转变您的数据分析:在 5 个步骤中使用 Crew AI 多代理系统构建交互式可视化应用程序
import os
import re
import sqlite3
import warnings
import dotenv
import streamlit as st
import pandas as pd
from src.logo_title import logo_title
### Crew AI + Tools imports
from crewai import Agent, Crew, Process, Task
from crewai.tools import tool
from langchain_openai import ChatOpenAI
### SQL Tools from langchain_community
from langchain_community.tools.sql_database.tool import (
InfoSQLDatabaseTool,
ListSQLDatabaseTool,
QuerySQLCheckerTool,
QuerySQLDataBaseTool,
)
from langchain_community.utilities.sql_database import SQLDatabase
warnings.filterwarnings("ignore", category=UserWarning, module="pydantic")
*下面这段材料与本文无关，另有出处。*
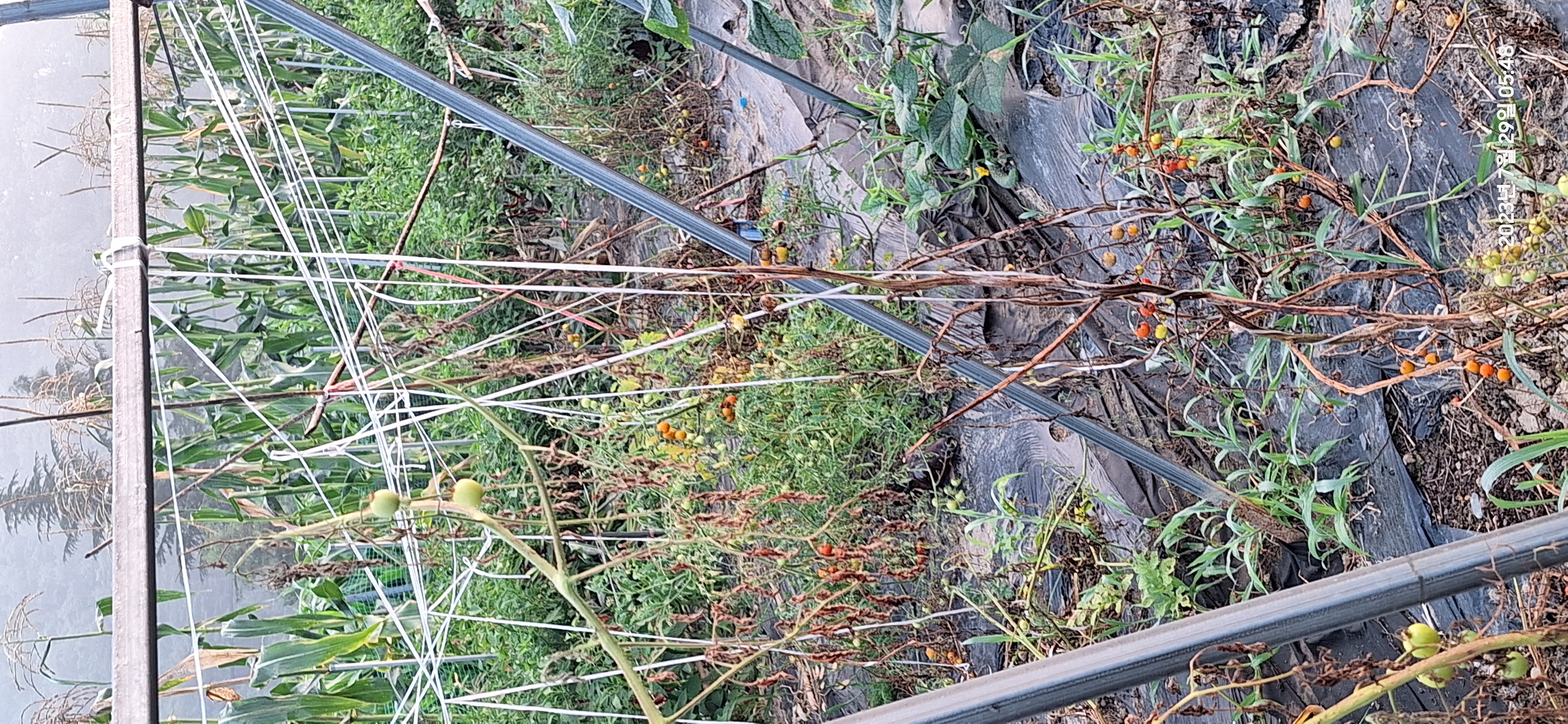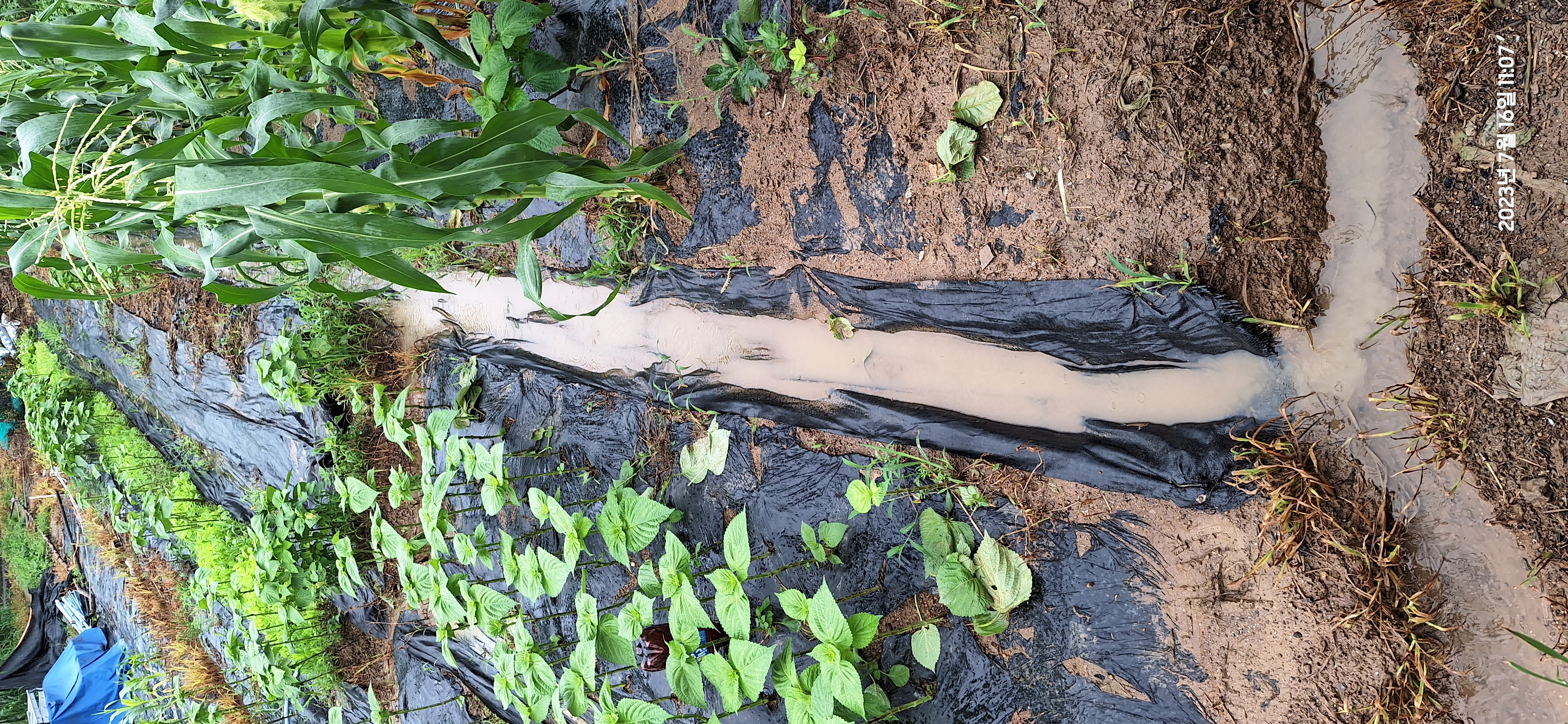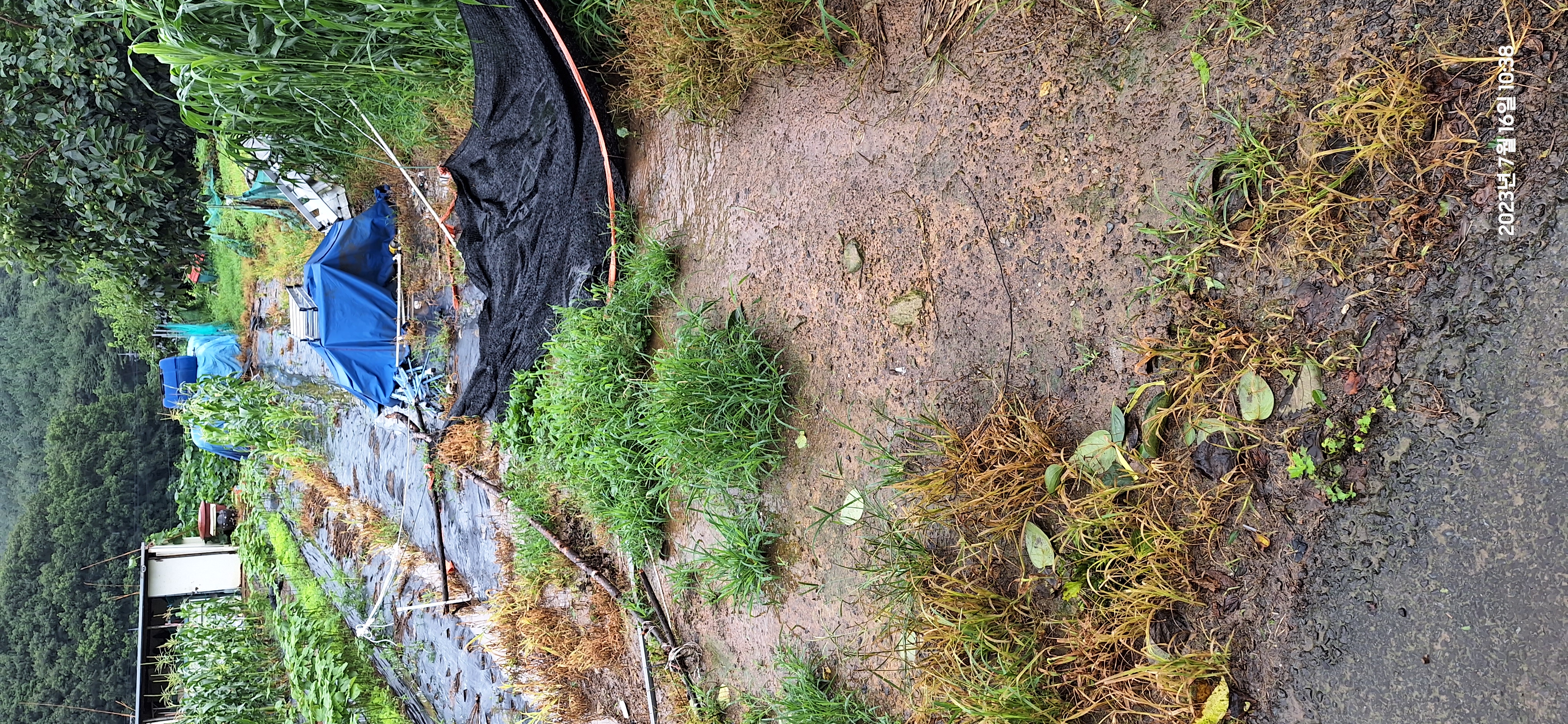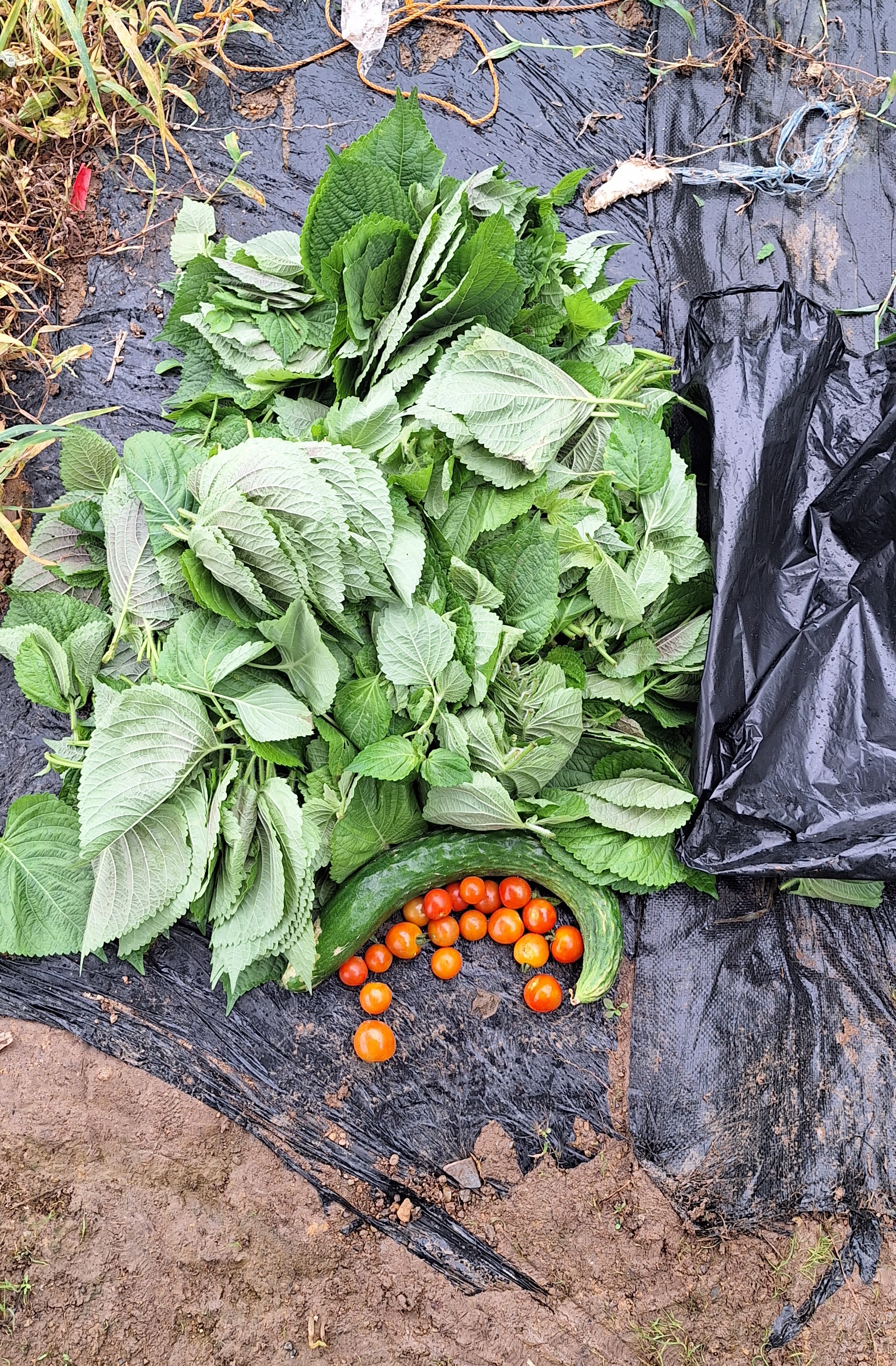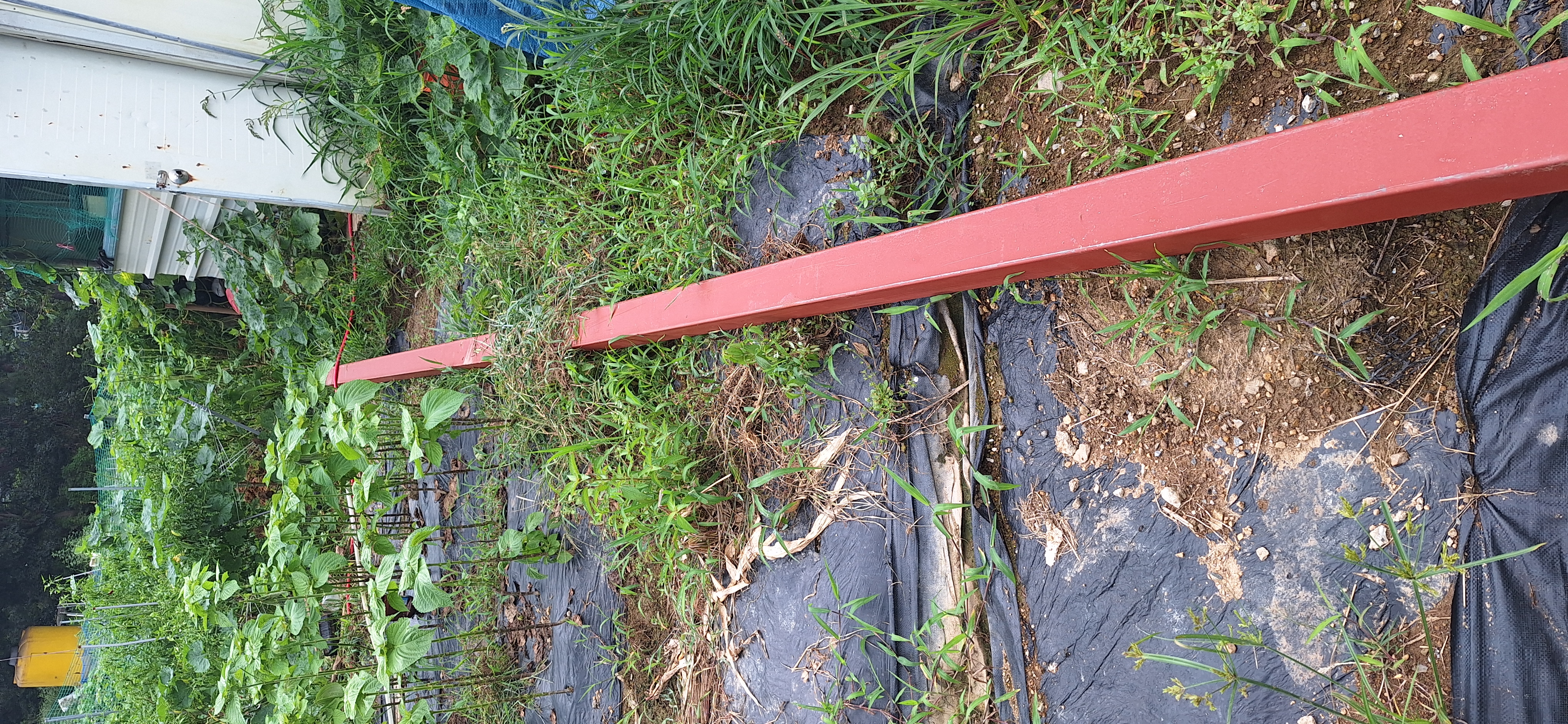 폭우와 바람으로 그늘망 무너짐. 배수로에 쌓인 흙 제거 및 방울토마토.오이 수확

### Load Environment Variables
dotenv.load_dotenv()
openai_api_key = os.getenv("OPENAI_API_KEY", "")
说明:
- 环境变量: 我们使用
dotenv
加载敏感的 API 密钥。 - Crew AI 和 LangChain: 这些库为我们的代理提供了 GPT-4 的支持,从而实现了自然语言处理,用于 SQL 生成、分析和可视化。
2. 使用正则表达式提取代码块
我们创建一个辅助函数,用于从用三个反引号包裹的文本中提取 Python 代码。当 AI 代理返回代码片段时,这很有用。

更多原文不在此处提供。